Date: 05.02.2015 — 02.03.2015
Beginning: 19:00
Dedicated to Dobromila.
A box can isolate, protect, incarcerate, hide, show etc. Are we entering or stepping out of something when getting inside a box?
Petr Krátký’s installation uses even the gallery space, the white cube as a box. We can recognize the black frames of the exhibited pictures in the gallery’s front windows and their black, metallic frames. The prefabricated picture frames (obviously IKEA products) fit well to the ready-madeness of the space. Krátký’s gesture transform them to being parts of the artwork.
He works with ready-made materials in other ways as well. Neither the IKEA frames, nor the gallery space or the cardboard boxes (which were used us industrial wrapper) were made by the creator, at least in the material way. What’s more, even the pictures are discoursive in the same sense, since their materials are the commercial results of the mass production: they’re reproductions of art books and exhibition catalogues.

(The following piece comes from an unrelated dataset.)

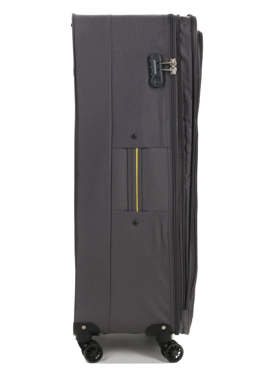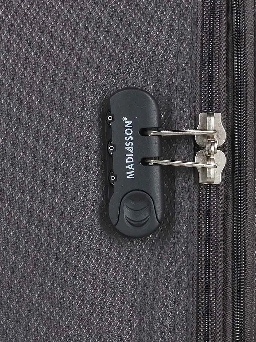 La valise extensible Madisson Bristol se tracte avec aisance grâce à ses 4 roues doubles pivotantes à 360° et sa poignée télescopique double canne. Pour la déposer sur un rack à bagages ou dans le coffre d’un véhicule, elle peut être tenue par ses 2 poignées de portage. Sur le côté, une serrure à code permet de verrouiller l’accès à son contenu. A l’arrière, un porte adresse permet de laisser accessibles les coordonnées de contact de son propriétaire en cas de contrôle de sécurité. Enfin, des renforts latéraux rigides lui confèrent une protection supplémentaire en cas de choc.

The reason why Petr Krátký’s installation is unique is that he invites the viewer to reconsider nearly all of the most important questions of art theory. Krátký enters the original paintings with the same curiosity that drove Theo van Doesburg to tilt Mondrian’s world 45 degrees in his Counter-Compositions. He expropriates the artwork, decomposes its elements and rearranges them in his own way. Not necessarily as a statement, rather as a question, an experiment, an offer.
He reflects on the matter of authorship, he questions the issue of originality, ultimately he investigates the substance of the artwork. He analyzes how indispensable parts of a picture are such components as colour, shape or structure. Does the essence of a picture lie in one of these components or in the cooperation of them? Or maybe in something else? Meanwhile he also brings up the relation between production and reproduction and raises the issue of interaction with the viewers.
His expression is pure, clear and disarmingly moderate. Krátký’s installation is an elegant summary of many conceptual discourses.